The space between the words

This is so fascinating. I didnt know what was the background to the spaces between words till I read this post. I quote from the wiki entry:

Scriptio continua ("Continuous script" in Latin; also scriptura continua) is a style of writing without spaces or other marks between words or sentences. In the West, the oldest Greek and Latin inscriptions use word dividers, but these are rare in the later periods when scriptio continua becomes the norm (in Classical Greek and late Classical Latin). [1][2] By around 1000 AD, alphabetical texts in Europe are written with spaces between words. Scriptio continua is still in use in Thai, other Southeast Asian abugidas, and in languages that use Chinese characters (Chinese and Japanese) though with sentence breaks. Modern Chinese differs from ancient scriptio continua in that it does at least use punctuation, although this was borrowed from the West only about a century ago. Before this, the only forms of punctuation found in Chinese writings were punctuations to denote quotes, proper nouns, and emphasis.

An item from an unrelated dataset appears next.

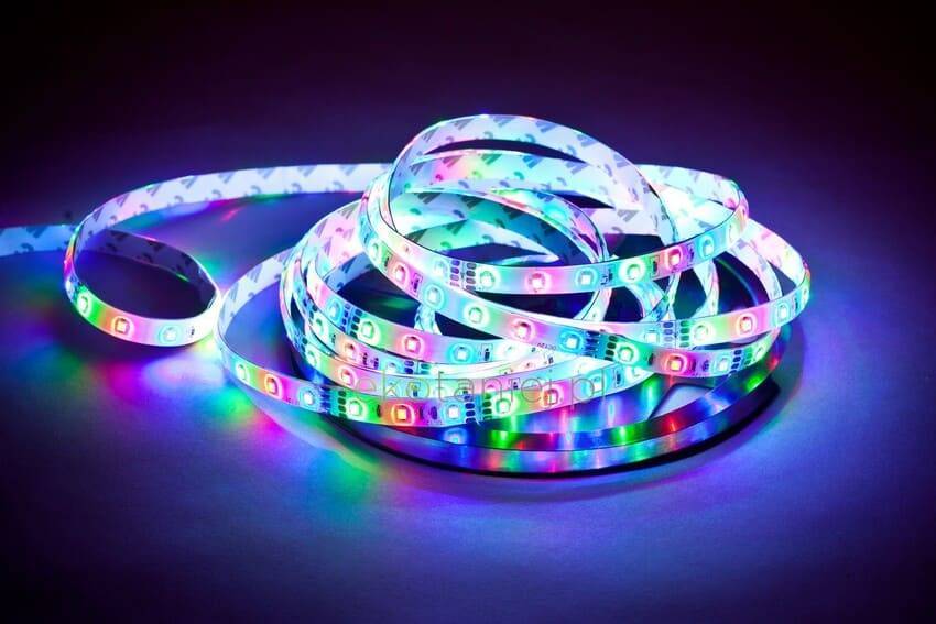 Многоцветные RGB ленты могут менять освещение из–за нескольких разных светодиодов в конструкции: красного, зеленого, синего цвета. Регулирую интенсивность отдельного света контроллером, можно выбрать нужный оттенок. Некоторые модели контроллеров могут автоматически менять цвета, которые будут зависеть от желаний жильца.

Before the advent of the codex (book), Latin and Greek script was written on scrolls. Reading continuous script on a scroll was more akin to reading a musical score than reading text. The reader would typically already have memorized the text through an instructor, had memorized where the breaks were, and the reader almost always read aloud, usually to an audience in a kind of reading performance, using the text as a cue sheet. Organizing the text to make it more rapidly ingested (through punctuation) was not needed and eventually the current system of rapid silent reading for information replaced the older slower performance declaimed aloud for dramatic effect

I was recently in Salisbury and saw the copy of the Magna Carta at the Salisbury Cathedral. Here’s what it looks like. But this has spaces between words.

But here’s an example of a much older book, the codex suprasliensis. No gaps there.

Nor in here, the Codex Alexandrinus

Mind you, the Dead Sea Scrolls were ok with spaces.

Got to be language specific. Here’s an old old Sanskrit MS dating back to the 11thc.

no spaces there either. Fascinating stuff.